EB survival was determined semi-quantitatively. A sodium thiosulfate solution was added to the aliquots for chlorine neutralization. In total, 10 µL and 100 µL of the sampled aliquots throughout the experiments were inoculated onto Müeller Hinton agar plates (BD Difco laboratories, MI, USA). Each inoculation was performed in quintuplicate for the disinfection assays. The plates were incubated for 48 h at 37 °C and observed every 24 h to determine the presence or absence of growth. EB survival was categorized into three groups: non-affected survival if bacteria growth was similar to control; affected survival if a reduction in bacteria growth was observed compared to control; and the inactivation of bacteria if no bacteria growth was detected after the treatment.

3. Results

3.1. Inactivation of Acanthamoeba by Conventional Treatments

To determine the disinfection effectiveness of Cl2, FLA and EB inactivations were evaluated after 30 min of exposure to Cl2 concentrations that varied from 1 to 500 mg/L (Figure 1a). Exposure to Cl2 yielded a gradual Acanthamoeba C1-211 reduction to its total inactivation after exposures of 100 mg/L. In the case of Acanthamoeba P31, 250 mg/L of Cl2 was necessary to achieve a 3-log reduction ([Cl2]99.9% in Table 1) and inactivate FLA. FLA inactivation by Cl2 was also recorded as a function of CT (Figure 1b) to calculate the necessary CT values for a 2-log and a 3-log FLA inactivation (Table 1).
To determine the disinfection effectiveness of SR, FLA and EB inactivations were assessed throughout the 30 min of SR exposure. Two wavelength ranges were compared: 280–800 nm (which included UV-A and UV-B radiation, Figure 2) and 320–800 nm (which included UV-A). Results showed that SR320–800nm alone did not result in FLA reduction after 30 min of exposure. In contrast, 10 min (fluence of 300 KW.s/m2) of SR280–800nm alone completely inactivated C1-211 FLA. The necessary fluence for a 2-log and a 3-log C1-211 FLA inactivation was calculated from the linear section of the inactivation curve (Table 1).

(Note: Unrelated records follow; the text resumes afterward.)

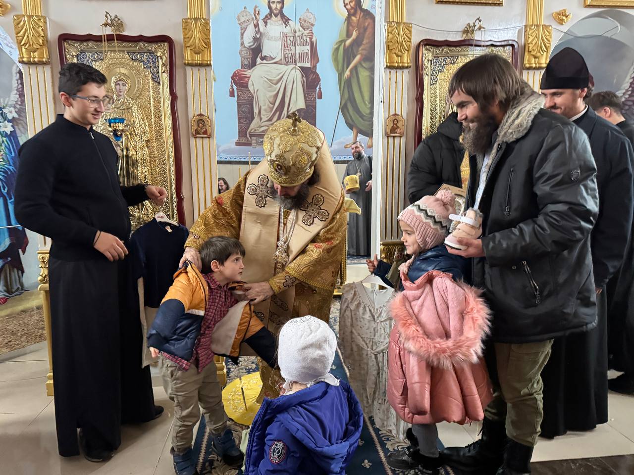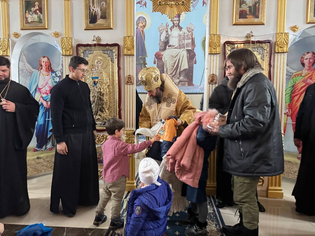 Menționăm și faptul că Înaltpreasfințitul Arhiepiscop PETRU a oferit unei familii numeroase, a unui creștin activ, care participă la procesiunele Drumul Crucii mai multe articole vestimentare noi, (scurte de iarnă, hanorace, pulovere), pentru copiii.
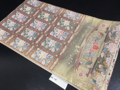 Fukuro Obi Gold Floral Windows Silk BB138W9
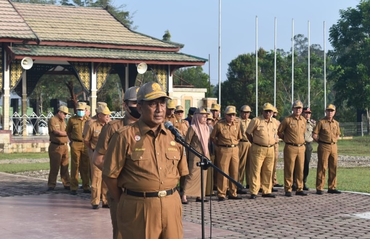 SAROLANGUN - Sekretaris Daerah (Sekda) Sarolangun Ir Endang Abdul Naseer Pimpin Apel Gabungan ASN
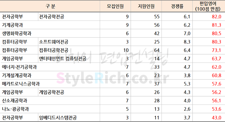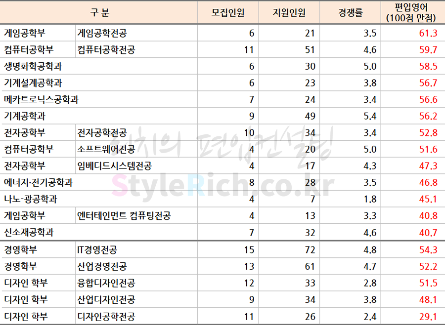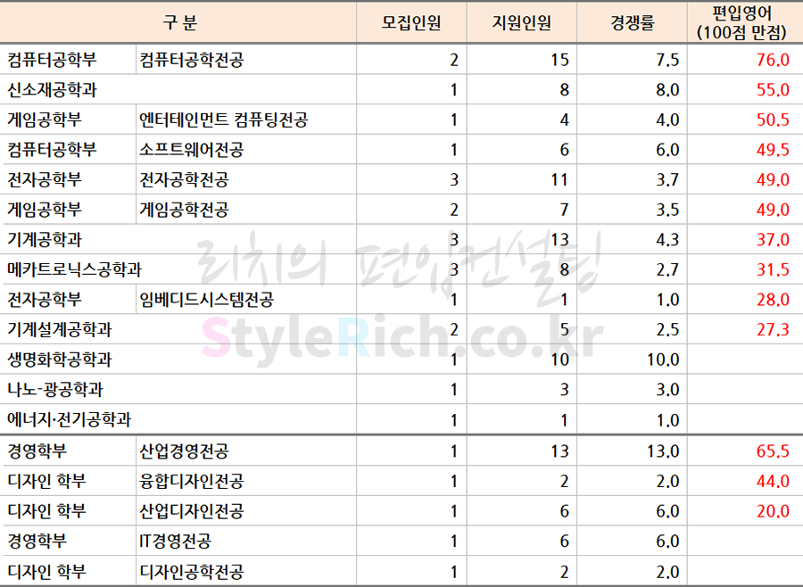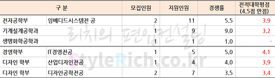 * 학과정렬은 자연계, 비자연계(경영학부, 디자인학부)로 분류 후 성적이 높은 순으로 정렬되어 있습니다.

For P31 FLA, SR280–800nm alone caused a gradual 1.5-log reduction during the first 5 min, but FLA survival was sustained throughout the remainder of the experiment; hence, the necessary fluence for a 2-log or a 3-log reduction in P31 FLA remains unknown.

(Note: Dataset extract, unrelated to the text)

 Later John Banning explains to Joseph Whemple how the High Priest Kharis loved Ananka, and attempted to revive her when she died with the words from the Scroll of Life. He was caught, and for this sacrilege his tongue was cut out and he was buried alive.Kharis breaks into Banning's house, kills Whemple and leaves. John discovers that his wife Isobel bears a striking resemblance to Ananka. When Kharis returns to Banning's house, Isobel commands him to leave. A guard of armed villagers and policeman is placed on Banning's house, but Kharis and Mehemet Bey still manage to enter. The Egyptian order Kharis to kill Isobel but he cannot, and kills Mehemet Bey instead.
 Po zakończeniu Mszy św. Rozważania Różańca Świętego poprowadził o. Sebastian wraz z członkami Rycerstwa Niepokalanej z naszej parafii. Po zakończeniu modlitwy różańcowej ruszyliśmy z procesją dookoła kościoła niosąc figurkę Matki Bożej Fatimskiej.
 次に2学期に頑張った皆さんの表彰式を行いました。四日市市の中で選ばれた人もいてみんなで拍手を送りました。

3.2. Inactivation of Acanthamoeba by Chlorine Photolysis

To assess the effectiveness of the combination of Cl2 and SR against FLA and EB, the same wavelength ranges (280–800 nm and 320–800 nm) and Cl2 concentrations (ranging from 1 to 500 mg/L) were compared after 30 min of treatment (Figure 3a,b). The combination of Cl2 and simulated SR enhanced the reduction in C1-211 FLA using both wavelength ranges, while only the combination of Cl2 and SR280–800nm enhanced P31 FLA inactivation. The combination of 5 mg/L of Cl2 with both SR wavelength ranges resulted in a 3-log reduction in C1-211 FLA (Figure 4a,b), reducing the necessary inactivating Cl2 concentration by 20 times. In the case of P31, the FLA reduction obtained by the combination of Cl2 and SR320–800nm was similar to that obtained by exposure to only Cl2: approximately 300 mg/L for 30 min was necessary for a 3-log FLA reduction (Table 1). On the contrary, the combination of 5 mg/L of Cl2 and SR280–800nm totally inactivated P31 FLA, reducing the required amount of Cl2 by 50 times.
FLA inactivation was also assessed at different times during the disinfection assays combining Cl2 and SR280–800nm. When combining 1 or 5 mg/L of Cl2 with simulated SR280–800nm, C1-211 FLA reduction was not improved compared to SR280–800nm alone (Figure 4a). However, the combination of 50 mg/L of Cl2 and simulated SR280–800nm accelerated the C1-211 FLA reduction compared to SR280–800nm alone, yielding a 3-log reduction after 5 min of exposure instead of 10 min. In the case of P31 FLA (Figure 4b), the combination of Cl2 and simulated SR280–800nm improved P31 FLA reduction compared to Cl2 or SR280–800nm alone: a 2-log, 3-log, and 4-log P31 FLA reduction was achieved combining SR280–800nm exposure with 1, 5, and 50 mg/L of Cl2, respectively. Taking the results of both FLA strains together, the combination of 5 mg/L of Cl2 and SR280–800nm for 10 min achieved a 3-log FLA inactivation for both Acanthamoeba strains studied, drastically reducing the necessary Cl2 concentration for their inactivation by 20–50 times.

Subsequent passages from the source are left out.